In Shelling Peas with My Grandmother in the Gorgiolands Sarah Wimbush journeys through myth and memory with poetry rooted in Yorkshire. From fireside tales of Romany Gypsies and Travellers, through pit villages and the haunt of the Miners’ Strike, to the subliminal of the everyday – including poems about typists, pencil sharpeners and learning to drive in a Ford Capri. This highly accomplished debut collection explores what it means to belong, what it means to be on the margins. This is poetry written in praise of family and community and those qualities which make us human: love, language and, most of all, resilience.’ Bloodaxe

The Bittern

After the glut of soft fruits,
and oat cakes toasting on the griddle,
and the deluge of Cox’s,

it’s the wintering-over
in two-up two-down cottage,
vardos stored on Big Frank’s piece,

a squall of pheasant and quail
bartered for a tail-end of hogget,
mother schooling us by the range:

how to baste the skin to gold,
how to skim the fat for rushlights
and axels, how to eke the meat out

from pink to grey to dry; scraps
for soups, bones coddled to slate
in washday broth. All cushti scran.

And the hardness of spring.
Bitterns nesting in reed beds,
sweeter than heron –

the male’s deep whoohu-whoohu
like a breath blown over a bottle.
On a still day, I feel that call for miles.

cushti scran: good food
Previously published in Bloodlines (Seren 2020).

A Sund’y in Worksop

That morning, we pitch our caravans on Joe White’s,
somewhere on Sime Street. Mother scrubs vardo floors
with washday waste, singing Paddy McGinty’s Goat or maybe

I’ll Take You Home Again, Kathleen. Daddy has a bloke to see
at The Old Ship Inn or perhaps The Robin Hood, God’s people
blinking as they enter daylight. I stay with the tub cart

or was it the dray, water Plunk our dapple pony, or was it Spike
or was it Pluck? A school of men march into the yard, keen to win
a fortune with Pitch and Toss. From a corner the look-out boy

watches me. Beneath the sign, ‘No Gambling Or Spitting’,
the chuckers bless a fat penny each and bowl against the wall,
or could it have been into the air? Metals wield and thud.

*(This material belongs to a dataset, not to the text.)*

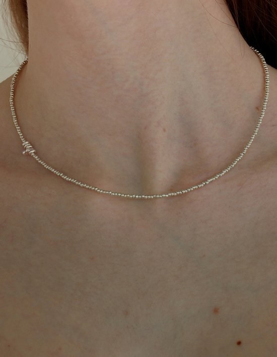 [레스이즈모어] 실버 비즈 목걸이 (one size)

Hoots and oaths. The men drift away, one lad left on the floor
or maybe leant against the wall, says over, fot in’t war, I did
and he has no hat. Or was it boots? Or was it both?

vardo: horse-drawn caravan
Previously published in The Interpreter’s House

Vixen

I wait outside my daughter’s boyfriend’s house.
Ignition off. Radio low.
I rarely feel my hackles rise
at my desk, or in Tescos, but here

a flicker creeps into my peripheral vision –
fire on black – a comet’s trail, then
a head that oscillates; her upturned snout.
I switch the radio off. Watch from above.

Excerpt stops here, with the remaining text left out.